> **Dataset**:
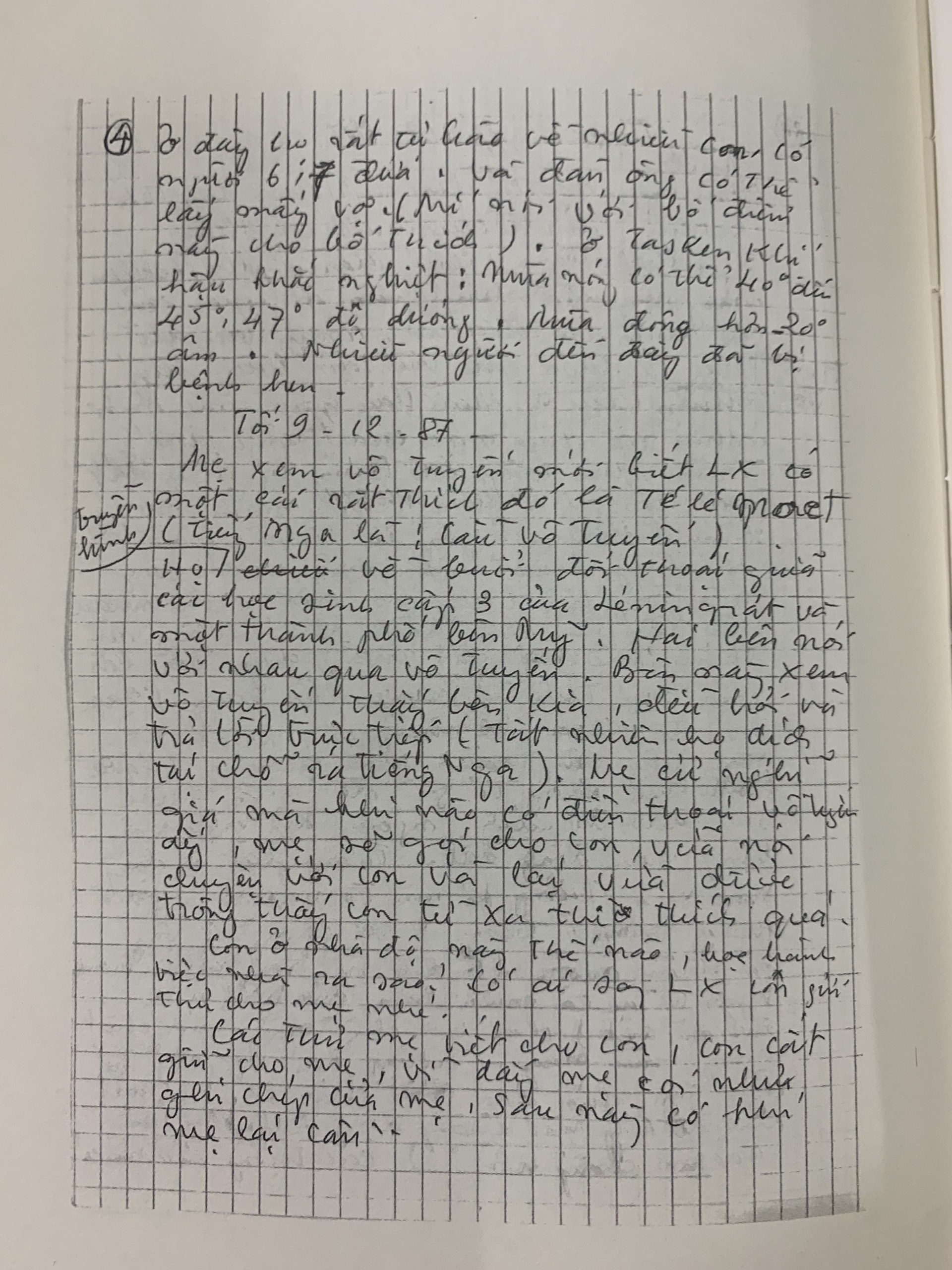“Mẹ đi trên con đường chiến tranh. Thức với trăng qua những bến phà, hố bom, vết đạn, pháo sáng dày đặc. Mẹ đi qua như qua những buồn vui của đời mẹ, những con đường chiến tranh này luôn luôn có cái chết rình bên cạnh, nhưng mẹ không sợ bằng lúc mẹ bắt đầu đi, vượt qua cái tình cảm gia đình (xa con).
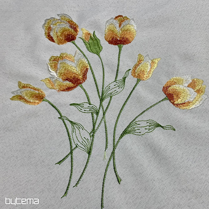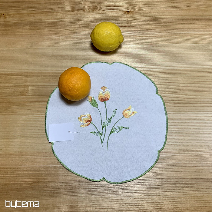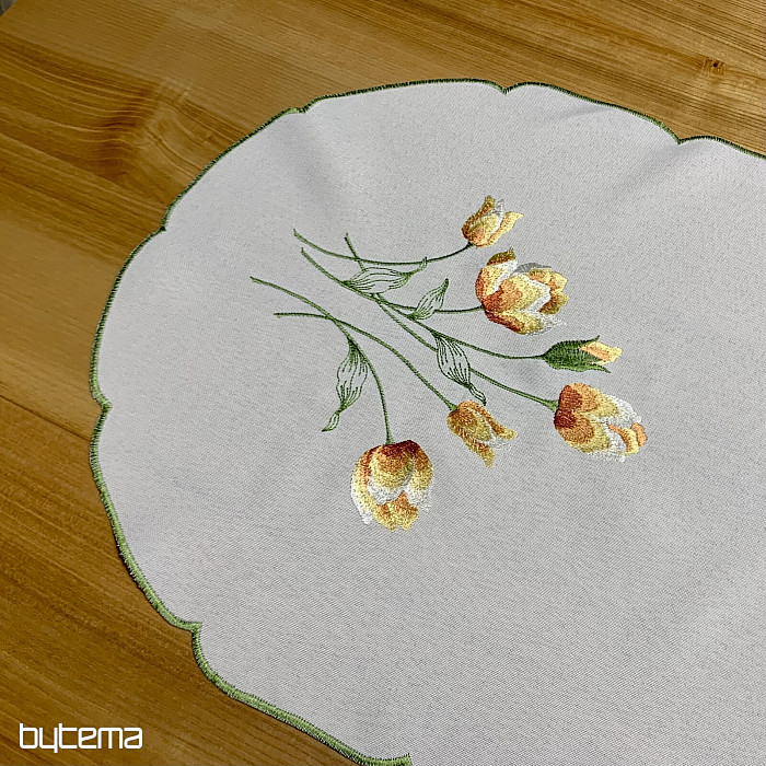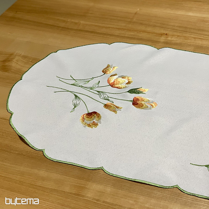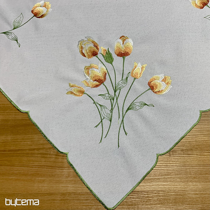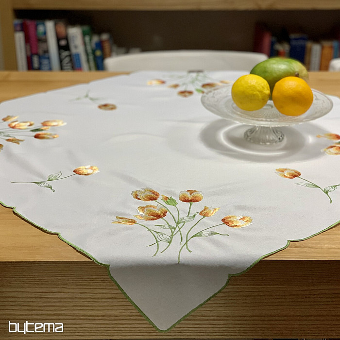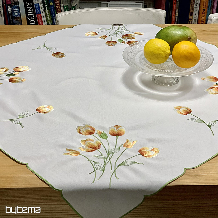Haftowany obrus i szalik z motywem pomarańczowych tulipanów, piękny haft ulubionych wiosennych kwiatów.
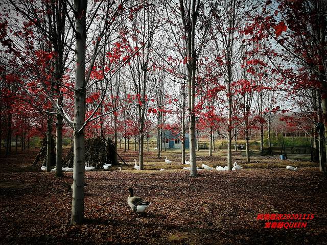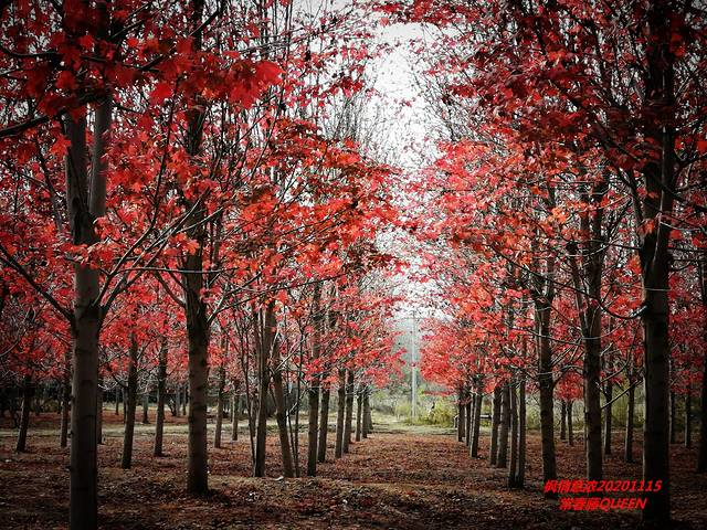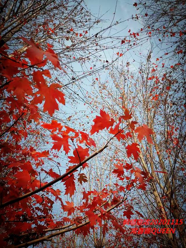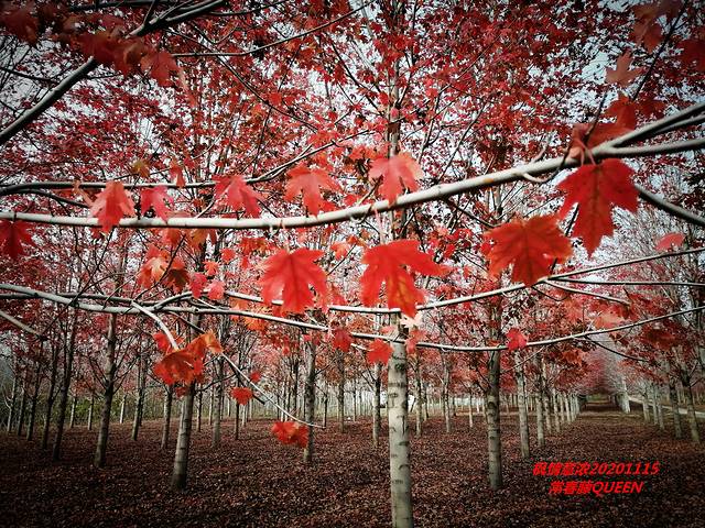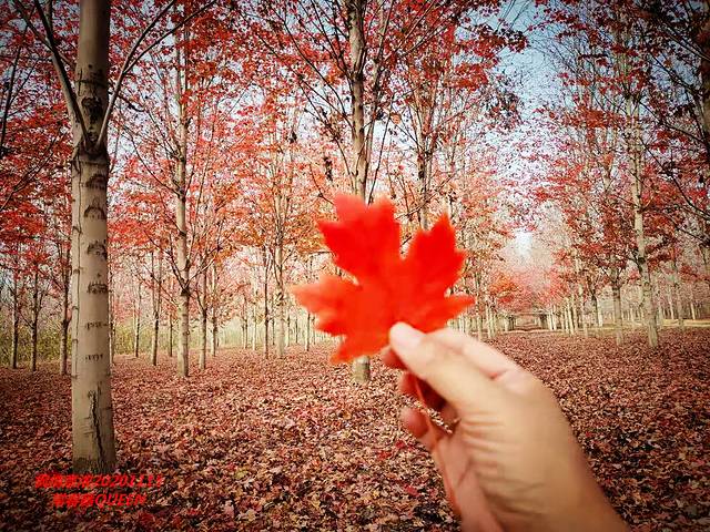 无意中发现了一个周末悠闲的好去处,黄岛张家楼千亩枫树林。虽然来时,枫叶最佳赏时有点晚,十月下旬应该最好。但是在游玩的过程中却是满心的欢喜。风和日丽,秋高气爽,穿行于林中,踩着厚厚的落叶,脚下发出沙沙沙地响声。。。放眼望去,满眼火红,如同油画般。秋风微拂,火红的枫叶随风摇曳,有的随风起舞,有的纷飞飘落。感慨万千,人生百态,难不成还不如一枚小小的枫叶,逆风而行,果断勇敢,涅槃重生。
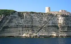 - 🌍 Escalier du Roi d'Aragon (Steps of the Aragon King). May-Sep: 09:00-20:00; Apr: 09:00-19:00; Oct: 10:00-17:00; Nov-Mar: 11:00-12:00, 14:00-15:00; last entry 30 min before closing. From the SW edge of the citadel, 187 steps lead down the cliffs (their diagonal notch is very visible from the sea) to the Cave of St Barthelemy's Well. This cave, which nowadays can't be entered, has a pool of fresh(-ish) water percolated down from the limestone above, so it was an important water supply for the city. A well was also drilled down directly from near the church of St Barthelemy on the headland. The steps are named for Alfonso V, King of Aragon, who was awarded control of Bonifacio in 1421 by the Genoans but the city held out against him. Fanciful legend has his men fighting up the stairs and being beaten back, but more likely he simply tried to block the water supply to force the city's surrender. He was unsuccessful and left. Reserve on line to get your ticket. Adult €5, child 6-11 €2; combined with Bastion de l'Étendard €6.50/€2.
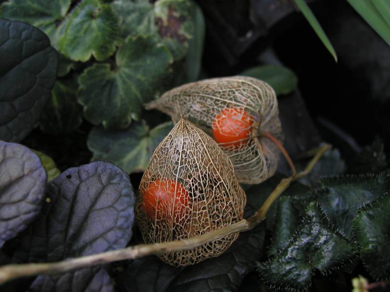 このほおずき、地面においておくと誰のしわざかわからないが、固い脈の部分だけを残してまるで品の良い電灯の囲いのごとき芸術品が出来上がる。
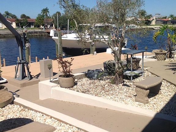 90 ft Waterfront property with 48Ft. floating dock and a 24,000lb boat lift and davits. 5 minutes from the open Gulf of Mexico. Circular driveway for easy access plus additional side driveway for RV/Boat parking. Outdoor screened-in living area w/large inground pool. The community offers private beach and boat ramps for its members.
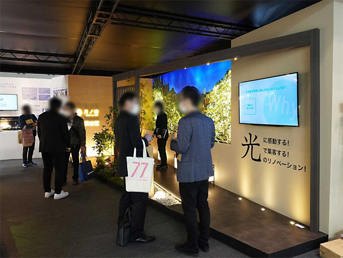 ホテルや旅館では非日常感を味わえる特別な時間をお過ごしになるお客様がご利用されます。料理や入浴、睡眠など様々なシチュエーションで光演出はくつろぎやリラックスを与えてくれる大事な役割も担っています。新規開業やリニューアルなどをお考え中の方は、ぜひタカショーデジテックのブースまでお気軽に足をお運びくださいませ。
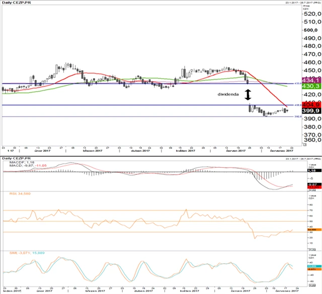 Stále se nic nemění. Pásmo 392-407 bylo potvrzeno, přesněji řečeno se spíše zužuje směrem dolů s psychologickou rezistencí na 400. Samotné technické indikátory jsou po uplynutí termínu pro právo na dividendu stále vychýlené, jejich náprava potrvá. Jeví se jako nepravděpodobné, že by se titul posunul mimo zmíněné rozpětí. Změna by mohla nastat až s oznámením hospodářských výsledků za druhý kvartál (8. srpna).
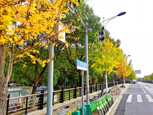 银杏树是青浦城区不少主干道的行道树,也是主要的色叶树种之一。这两天,青浦街头的银杏树开始披上最华美的“金装”,形成一条条景色绚丽的“金光大道”,灿若云锦,分外养眼。
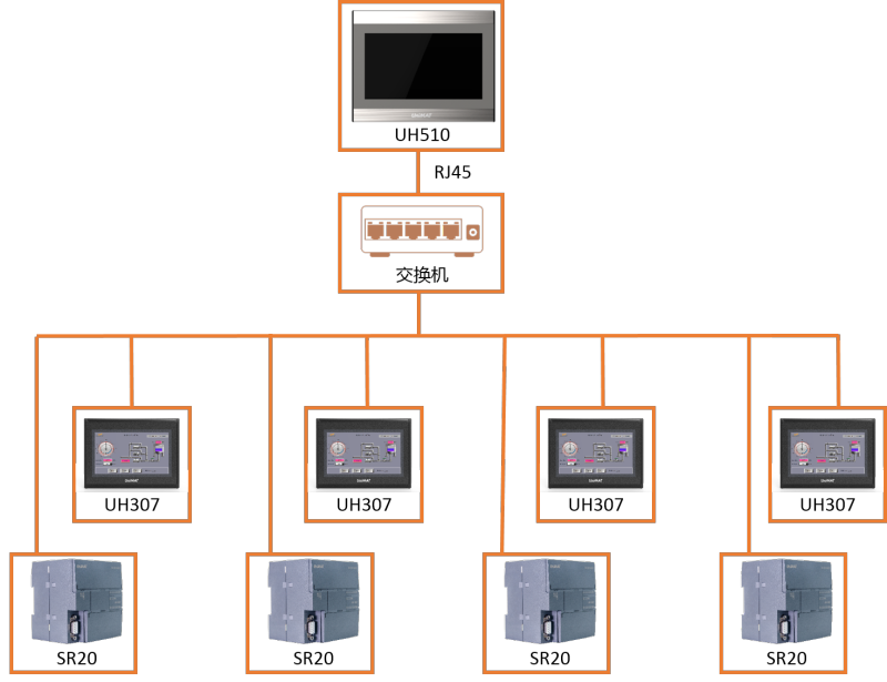 2. 一屏多机,中控10寸屏控制4台PlC的运行,并记录4台PlC运行数据。
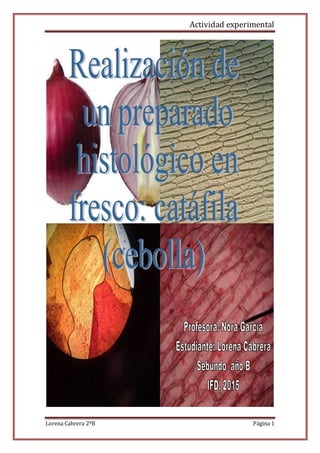 Este documento describe una actividad experimental para preparar muestras microscópicas frescas y teñidas de catáfila de cebolla y observarlas bajo el microscopio. Se presenta el marco teórico sobre preparados histológicos, el procedimiento experimental que incluye la preparación de dos muestras (una fresca y otra teñida con Lugol), y las observaciones realizadas de cada muestra. Se concluye que el colorante permitió observar con mayor claridad los componentes de la catáfila y que es una actividad a
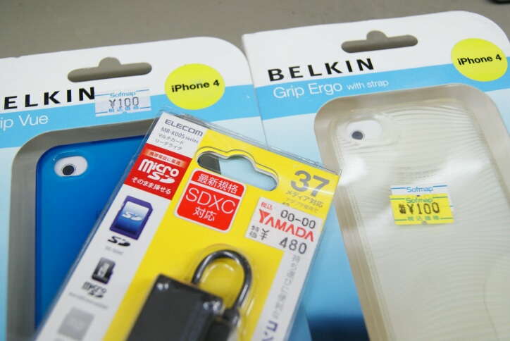 おそらく『iPhone 4』専用だから安売りされていた、BELKINのケース二点。各100円でした(喜)。
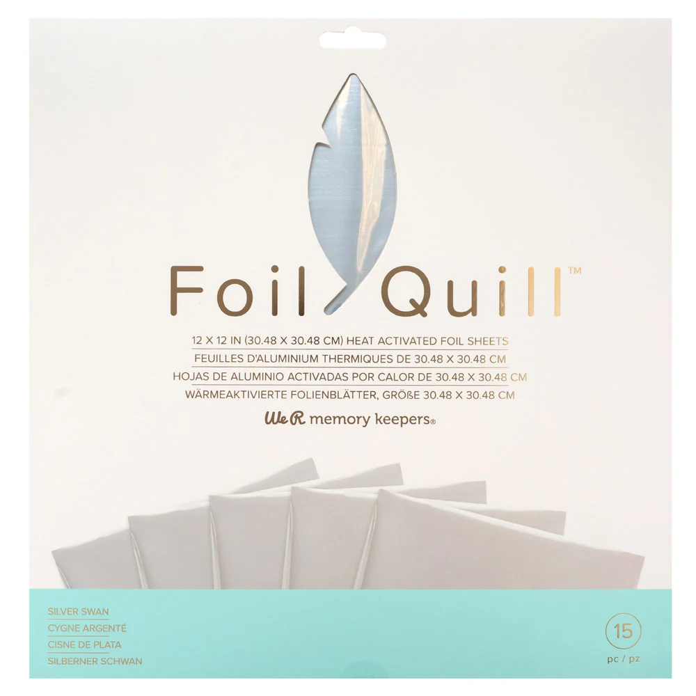 Hojas de aluminio plateadas para personalizar sus proyectos y darles un acabado brillante con el lápiz térmico»,»ambos de We R Memory Keepers. El set contiene 15 unidades.
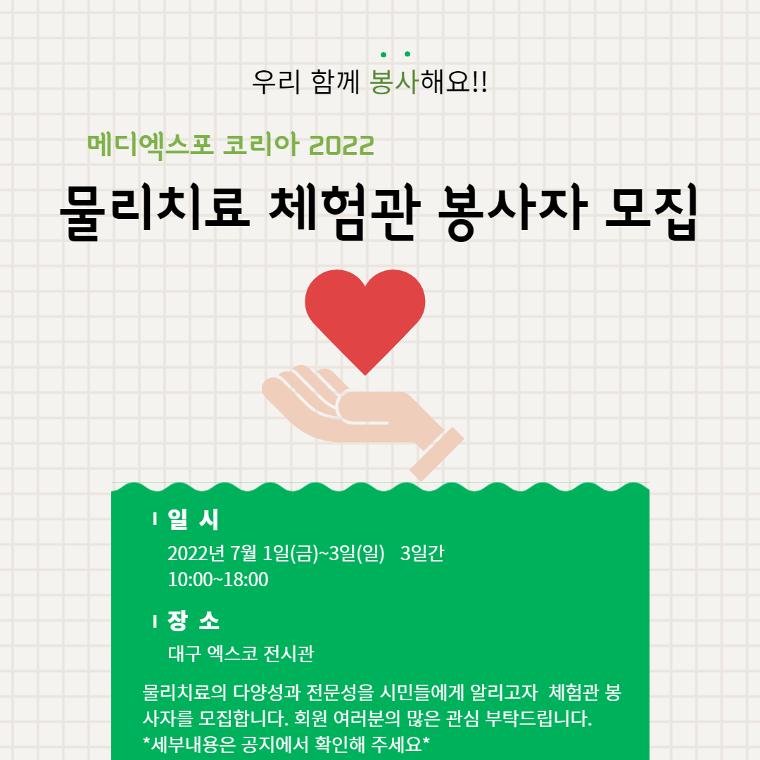 [대한물리치료사협회 대구광역시회]물리치료 체험관 봉사자 모집

> **Problem to work on**:
Please retype exactly the lines from the one containing "Hojas de aluminio" through the last line of the records, both included, leaving out every picture.

> **Solution**:
 Hojas de aluminio plateadas para personalizar sus proyectos y darles un acabado brillante con el lápiz térmico»,»ambos de We R Memory Keepers. El set contiene 15 unidades.
 [대한물리치료사협회 대구광역시회]물리치료 체험관 봉사자 모집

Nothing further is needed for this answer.